Wednesday, January 20, 2010

Breathing

I wake up in the morning, or in the middle of the night, and it feels as though I am holding my breath.  The tightness in my chest, the weight of anxiety, the waiting for the other shoe to drop - it holds me captive.  Until I hear "Mommy...!"  And I ask "what do you need?" and I receive my marching orders for this moment, this space.  The activity, the need keeps that weight and breathlessness at bay.  And when I find myself laughing, laughing because I just dumped milk on the baby's head while holding the phone up to my ear with my shoulder, a can of formula in one hand, a bottle and lid, both, in the other hand, and the baby looks up with his beautiful blue eyes like "what?  I already had a bath today, and it was warm!", and my six year old is standing there, looking at me like I'm nuts  - then I breathe from the depth of my gut because there is no room for anxiety in laughter.

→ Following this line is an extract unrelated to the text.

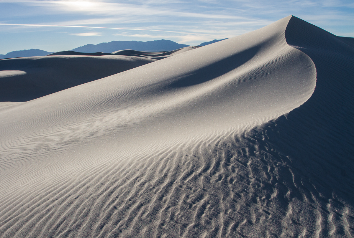 As the sun sinks toward the mountains ringing the horizon, the light changes and the dunes begin to transform. Their delicate hidden details begin to emerge, outlined by artistic shadows thrown by the low angle light.

But now, sitting at my computer, the kids gone for the day so I can work, I read an email from him and I want to run.  Run to a place where the world makes sense, where I am not forced to choose between 1) arguing over semantics because the lies are so clever they can't be clearly exposed or 2) swallowing my defense and hoping that eventually "by their fruits ye shall know them" will vindicate me.  Not because I want revenge or for him to suffer, but because I want to carry only the guilt that is truly mine.  
He wants to take my kids away from me, and it appears that he intends to do that by shrouding me with the label of mental illness.  He's telling our friends that I have Borderline Personality Disorder.  He told my son that the devil is making me do this, and not to tell me he said that because it would make me more angry with daddy.  My son can't decide if I'm a bad guy or not.  He's six.  I am thoroughly enjoying trying to parent a kid who thinks I am evil, and because it was his daddy who told him that, also thinks I no longer have authority over him.  Really.  Because this isn't hard enough on my kids already.
So I take a deep breath.  And I look forward to a time and a place where the custody is settled, our life has a routine, and I don't have moments of wishing I could just go home.